### ABOUT THIS EXERCISE
Nothing should appear in the answer except the lines below from the line containing "キッチン背面には隠せる収納。" through the line containing "Cozy meets chic", copied exactly, with pictures left out.

### INPUT FOR THIS TASK
───

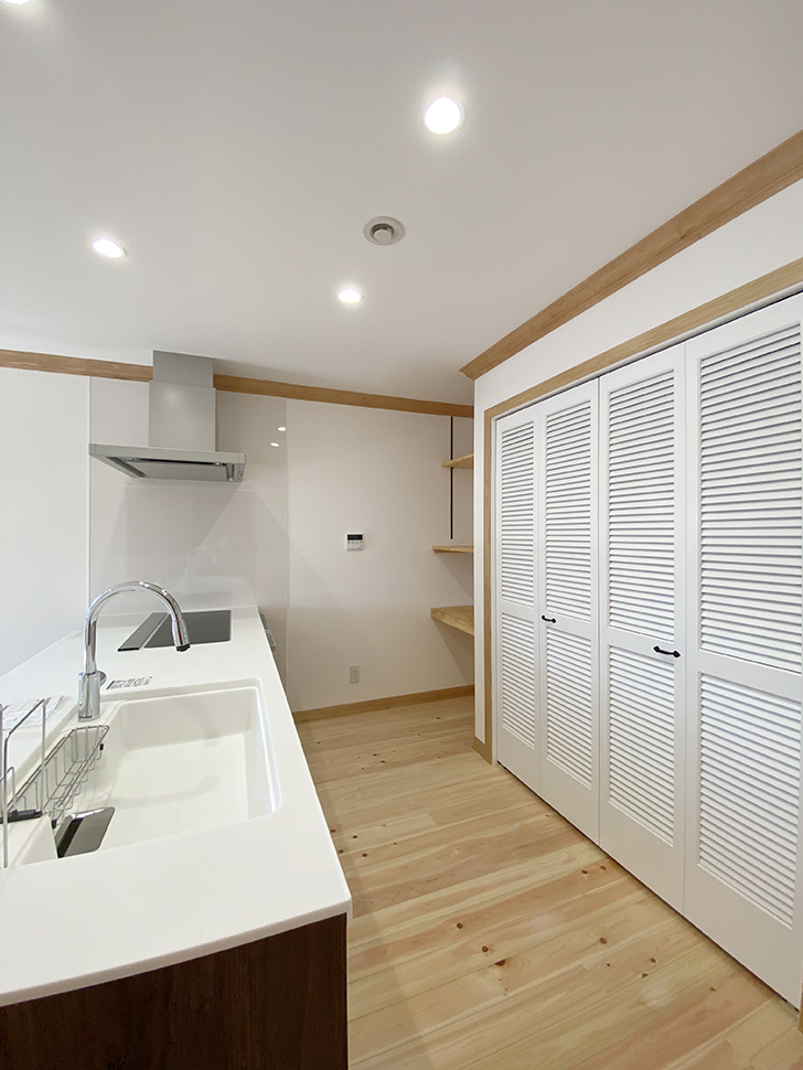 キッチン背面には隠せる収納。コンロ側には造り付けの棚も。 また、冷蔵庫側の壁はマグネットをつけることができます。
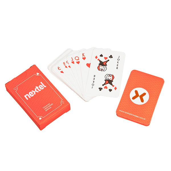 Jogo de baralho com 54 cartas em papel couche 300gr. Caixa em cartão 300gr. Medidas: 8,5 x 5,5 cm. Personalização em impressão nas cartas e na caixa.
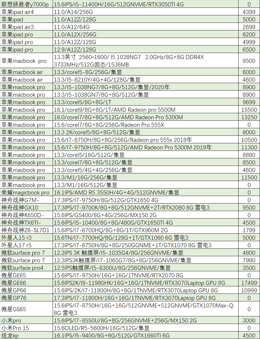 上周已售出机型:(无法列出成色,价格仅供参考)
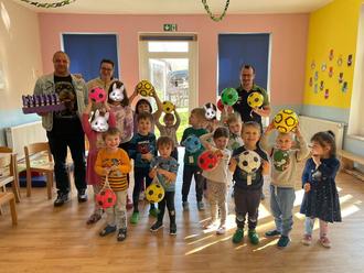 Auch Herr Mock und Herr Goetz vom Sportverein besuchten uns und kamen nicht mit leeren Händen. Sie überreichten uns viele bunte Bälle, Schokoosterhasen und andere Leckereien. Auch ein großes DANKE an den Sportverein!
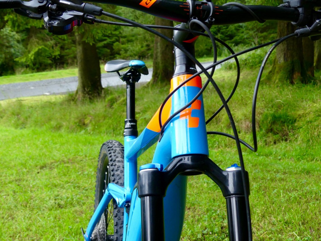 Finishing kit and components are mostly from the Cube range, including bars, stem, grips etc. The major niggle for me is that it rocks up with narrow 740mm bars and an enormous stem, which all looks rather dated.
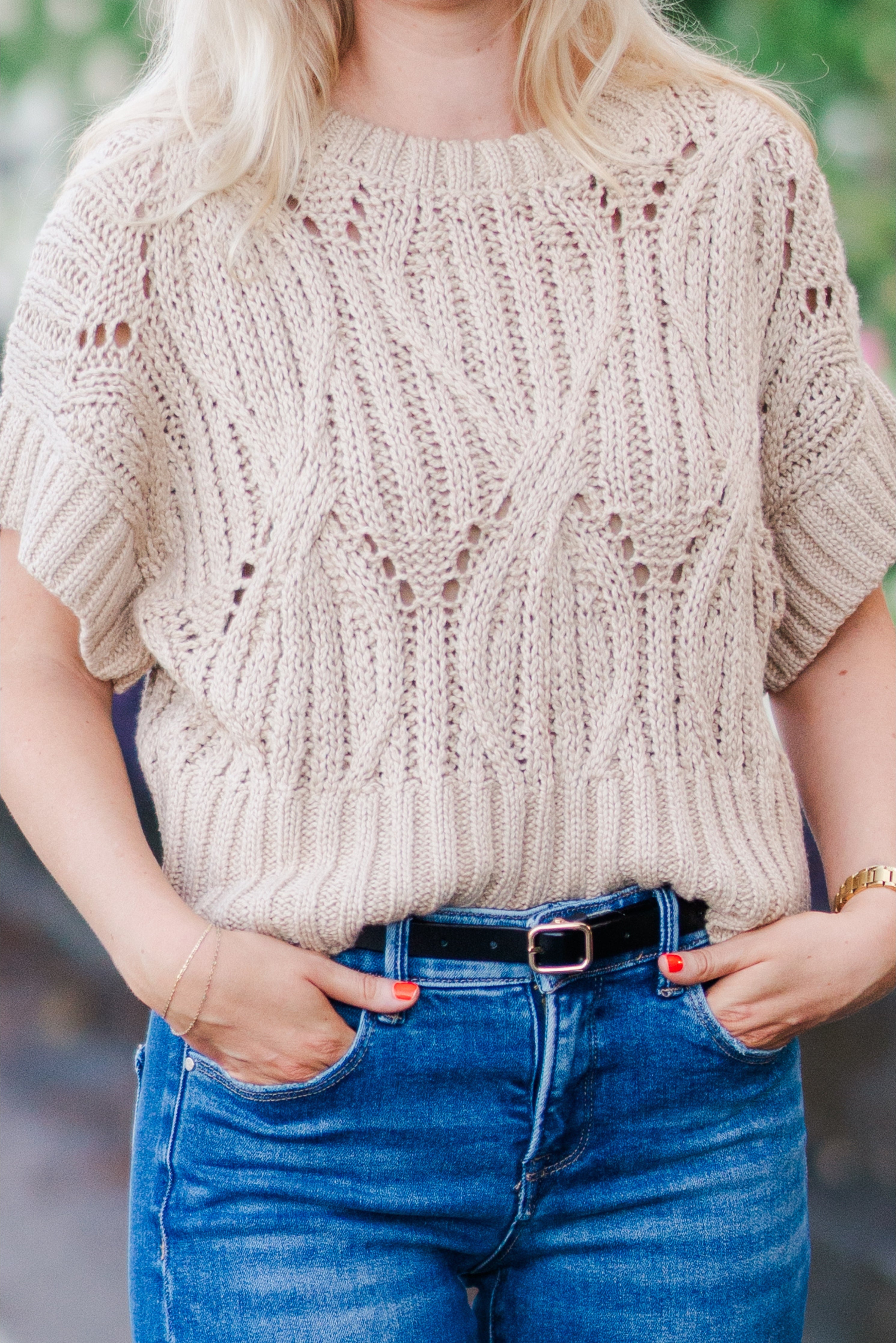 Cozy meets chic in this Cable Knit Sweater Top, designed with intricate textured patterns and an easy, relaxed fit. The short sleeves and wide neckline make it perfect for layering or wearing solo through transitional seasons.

───

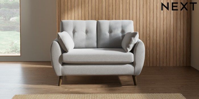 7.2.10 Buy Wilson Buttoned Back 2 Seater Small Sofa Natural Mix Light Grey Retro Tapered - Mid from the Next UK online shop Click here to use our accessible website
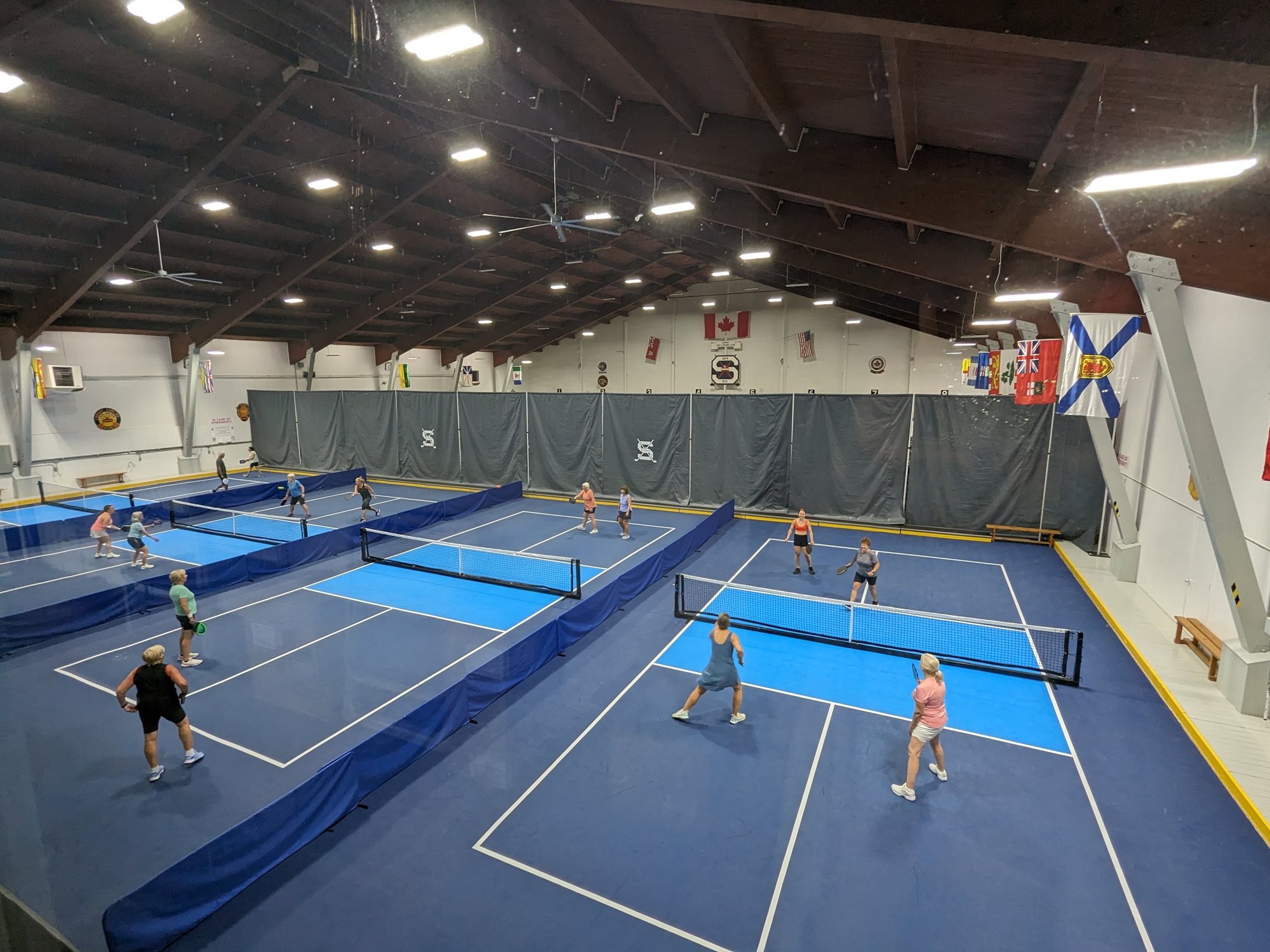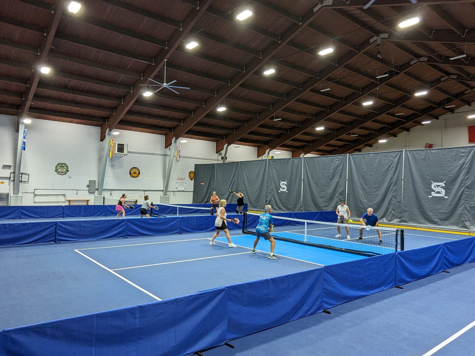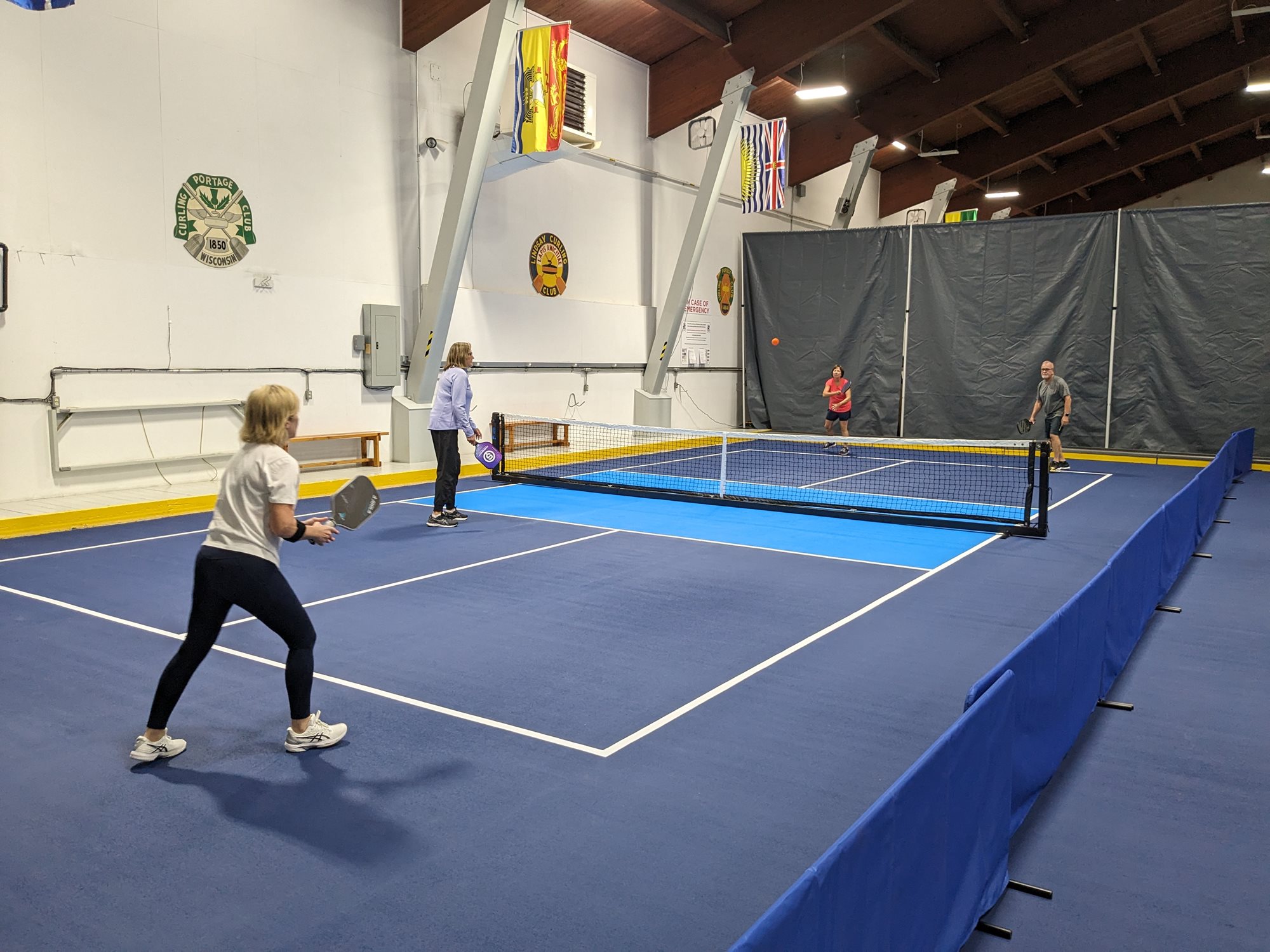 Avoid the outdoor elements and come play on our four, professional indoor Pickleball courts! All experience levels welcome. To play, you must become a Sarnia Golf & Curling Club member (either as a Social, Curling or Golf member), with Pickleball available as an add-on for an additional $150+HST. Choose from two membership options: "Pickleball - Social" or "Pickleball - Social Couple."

───

### OUTPUT
 キッチン背面には隠せる収納。コンロ側には造り付けの棚も。 また、冷蔵庫側の壁はマグネットをつけることができます。
 Jogo de baralho com 54 cartas em papel couche 300gr. Caixa em cartão 300gr. Medidas: 8,5 x 5,5 cm. Personalização em impressão nas cartas e na caixa.
 上周已售出机型:(无法列出成色,价格仅供参考)
 Auch Herr Mock und Herr Goetz vom Sportverein besuchten uns und kamen nicht mit leeren Händen. Sie überreichten uns viele bunte Bälle, Schokoosterhasen und andere Leckereien. Auch ein großes DANKE an den Sportverein!
 Finishing kit and components are mostly from the Cube range, including bars, stem, grips etc. The major niggle for me is that it rocks up with narrow 740mm bars and an enormous stem, which all looks rather dated.
 Cozy meets chic in this Cable Knit Sweater Top, designed with intricate textured patterns and an easy, relaxed fit. The short sleeves and wide neckline make it perfect for layering or wearing solo through transitional seasons.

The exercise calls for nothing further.